▶ Collected data

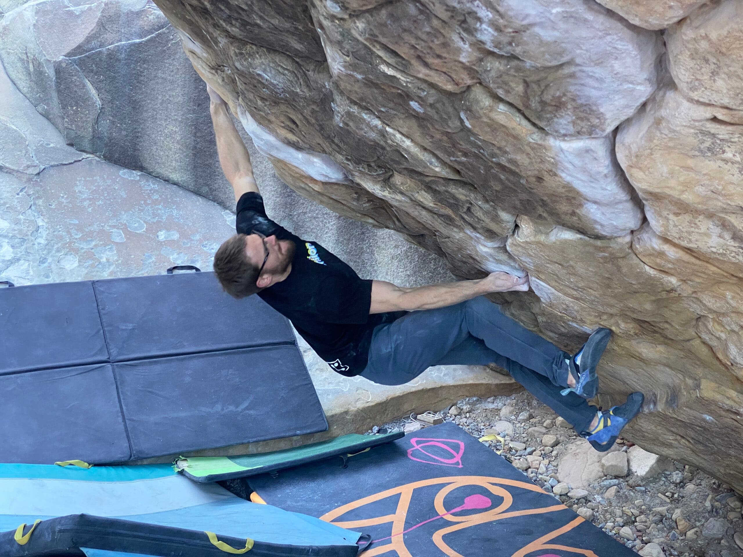 Soon after sending his multi-season project, Hypnotized Minds (V16), in Rocky Mountain National Park in September 2020, Fultz and his wife, Hailey, hit the road. In Red Rock, Nevada, last February, he had one of the most productive 24 hours of bouldering on record, sending his second V16, Sleepwalker, after numerous days of work, then putting down Squoze (V14/15) in the same afternoon and Treiste Sit (V14) the next morning. He went on to do The Nest (V15) later that week. (Fultz recently released a short film about his time at Red Rock, which you can find below.)
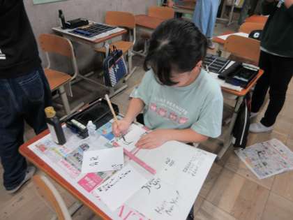 書道クラブでは、年賀状のデザインを考える活動をしました。文字や絵など、いろいろ工夫ができる年賀状。たのしく考えました。
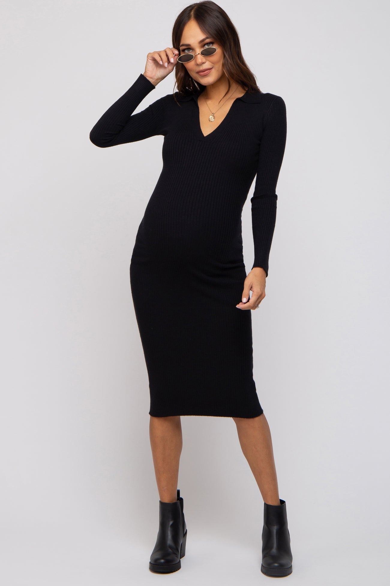 A solid ribbed knit fitted maternity dress with a collared v-neckline.
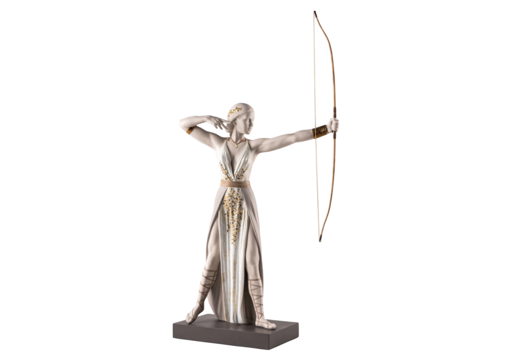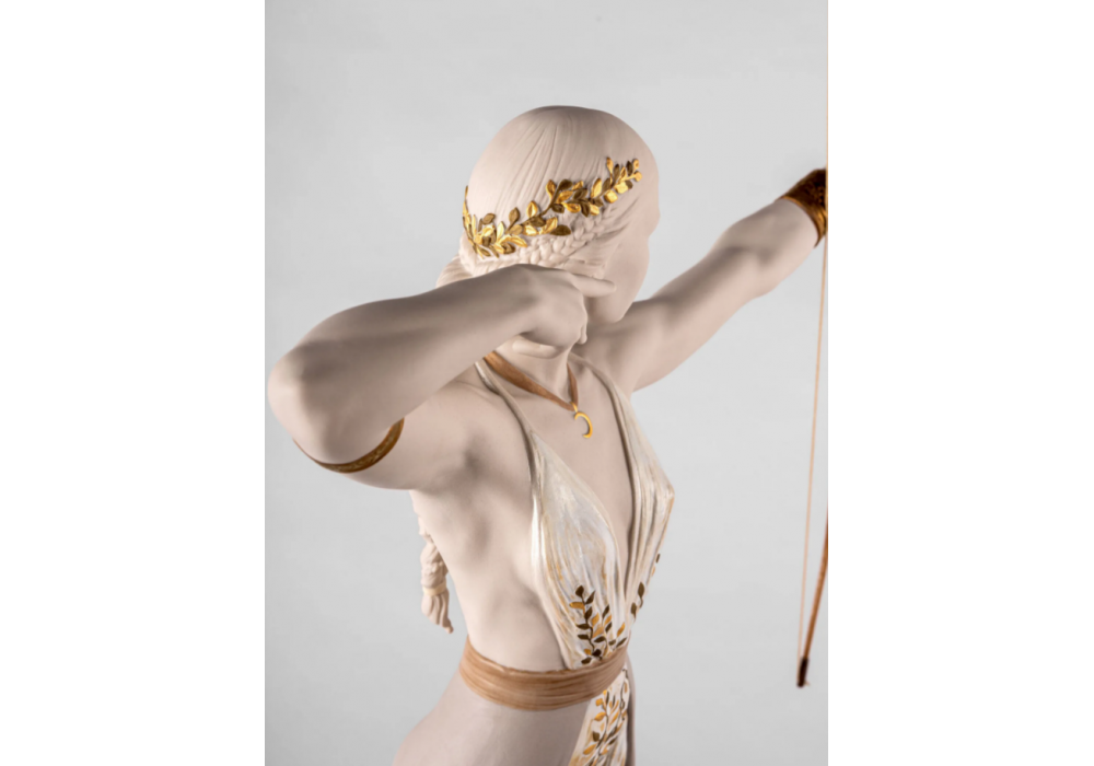 Diana von Ernest Massuet für Lladró geschaffen, ist eine Skulptur aus mattweißem Porzellan, die eine Göttin der römischen Mythologie darstellt. Die Waffen und Details sind in Ocker und Gold gehalten.

▶ Exercise description
Write out the listing above again, exactly, but with no pictures in the copy.

▶ Result of this task
 Soon after sending his multi-season project, Hypnotized Minds (V16), in Rocky Mountain National Park in September 2020, Fultz and his wife, Hailey, hit the road. In Red Rock, Nevada, last February, he had one of the most productive 24 hours of bouldering on record, sending his second V16, Sleepwalker, after numerous days of work, then putting down Squoze (V14/15) in the same afternoon and Treiste Sit (V14) the next morning. He went on to do The Nest (V15) later that week. (Fultz recently released a short film about his time at Red Rock, which you can find below.)
 書道クラブでは、年賀状のデザインを考える活動をしました。文字や絵など、いろいろ工夫ができる年賀状。たのしく考えました。
 A solid ribbed knit fitted maternity dress with a collared v-neckline.
 Diana von Ernest Massuet für Lladró geschaffen, ist eine Skulptur aus mattweißem Porzellan, die eine Göttin der römischen Mythologie darstellt. Die Waffen und Details sind in Ocker und Gold gehalten.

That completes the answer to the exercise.